Is there a way to run lake exe cache unpack
and manually specify the folder with the cache files?
Eric Wieser (Apr 12 2024 at 13:37):
Shouldn't that be \.cache
not \cache
?
Floris van Doorn (Apr 12 2024 at 13:41):
You're right, fixed
Mario Carneiro (Apr 12 2024 at 13:43):
the path C:\Users\AŀAA蜮cache\mathlib\54577063a996ea49.ltar
looks corrupted. (my guess is that those are not the right chinese characters) What exactly does "chinese locale" entail here? Is it even UTF-8?
Mario Carneiro (Apr 12 2024 at 13:45):
wait, why does it even say Users
? Didn't you say that Users
is translated to chinese on this system?
Floris van Doorn (Apr 12 2024 at 13:50):
Yes, the home directory is not in C:\Users\
, I expect that this folder doesn't even exist. So I'm not sure how that got there...
And indeed, this path is corrupted. The correct username is 杜坤鸿
, I believe (shown in the git bash
prompt).
Eric Wieser (Apr 12 2024 at 13:50):
I worry that mingw might be to blame here
Eric Wieser (Apr 12 2024 at 13:50):
And you might do better to stay in the system shell rather than git bash
Mario Carneiro (Apr 12 2024 at 13:51):
what is the contents of %HOMEPATH%
?
Floris van Doorn (Apr 12 2024 at 13:51):
With Chinese locale I mean that the Users
folder is written in Chinese and that the username contains Chinese characters.
Mario Carneiro (Apr 12 2024 at 13:52):
My worry is that it's using one of the old pre-UTF-8 chinese encodings
Floris van Doorn (Apr 12 2024 at 13:53):
Ah, ok. I generally recommend git bash
to new users, since I have had problems with powershell for things that worked correctly in git bash
. It sucks if they mess up unicode encoding.
Mario Carneiro (Apr 12 2024 at 13:54):
AFAICT the string Users
exists nowhere in cache
Mario Carneiro (Apr 12 2024 at 13:54):
so it must be coming from the environment in some way
Mario Carneiro (Apr 12 2024 at 13:58):
here's another test, try replacing the main
function of cache
in Cache/Main.lean
with
def main (args : List String) : IO Unit := do
println! s!"HOMEDRIVE = '{← IO.getEnv "HOMEDRIVE"}'"
println! s!"HOMEPATH = '{← IO.getEnv "HOMEPATH"}'"

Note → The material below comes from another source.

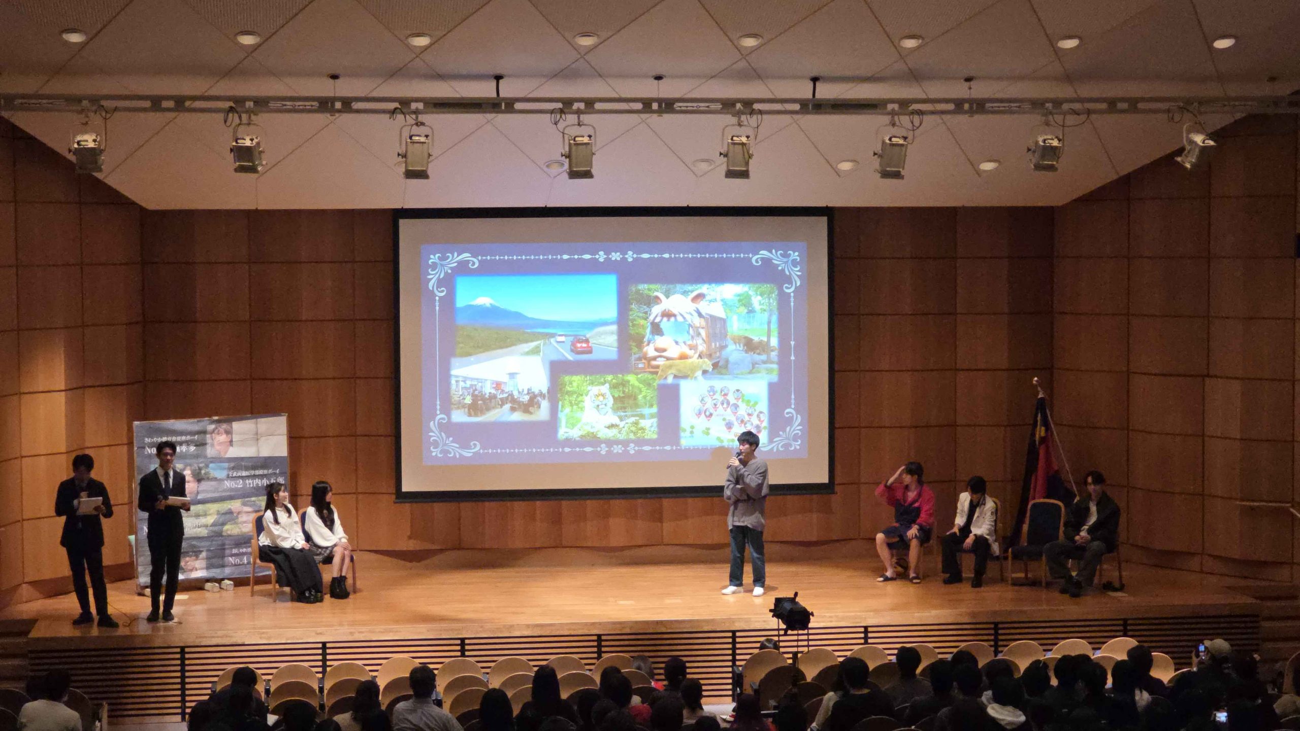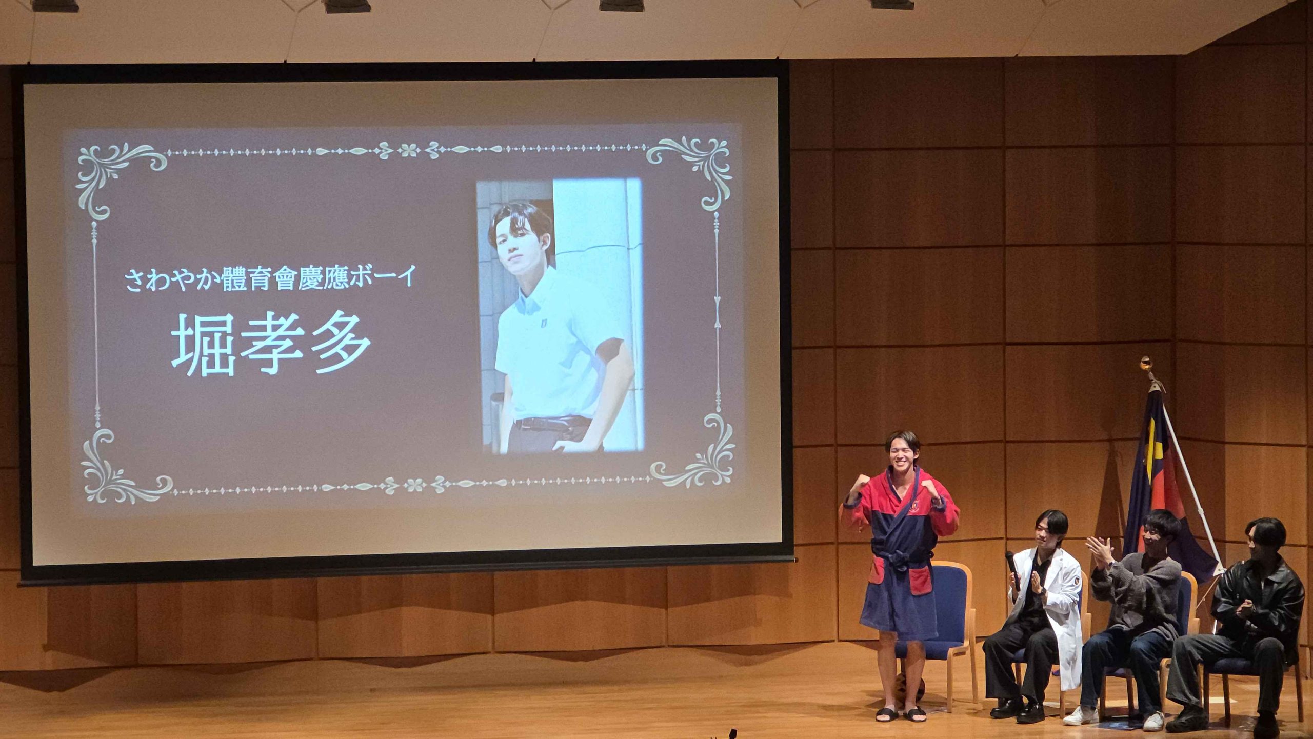 開催中最大の盛況を博す3日目の日曜日。正午を目前にして西校舎ホールには多くの観客が詰めかけた。司会に促され登場したのは、ハイスペックな男子塾生と銘打たれた4名。左側から、”さわやか體育會”堀考多さん、”文武両道医学部”竹内小五郎さん、”意識高い系”垂見浩史さん、”おしゃれ活動家”西山サリイさんだ。

println! s!"CACHEDIR = '{CACHEDIR}'"
Floris van Doorn (Apr 12 2024 at 14:01):
What is interesting to me is that lake exe cache get
did download the files to the correct place (but it is possible that was from an earlier try, within VSCode). One random hash indeed matched a file in their cache directory.
Mauricio Collares (Apr 12 2024 at 14:11):
Can you print the value of $USERPROFILE as well as $HOMEDRIVE and $HOMEPATH?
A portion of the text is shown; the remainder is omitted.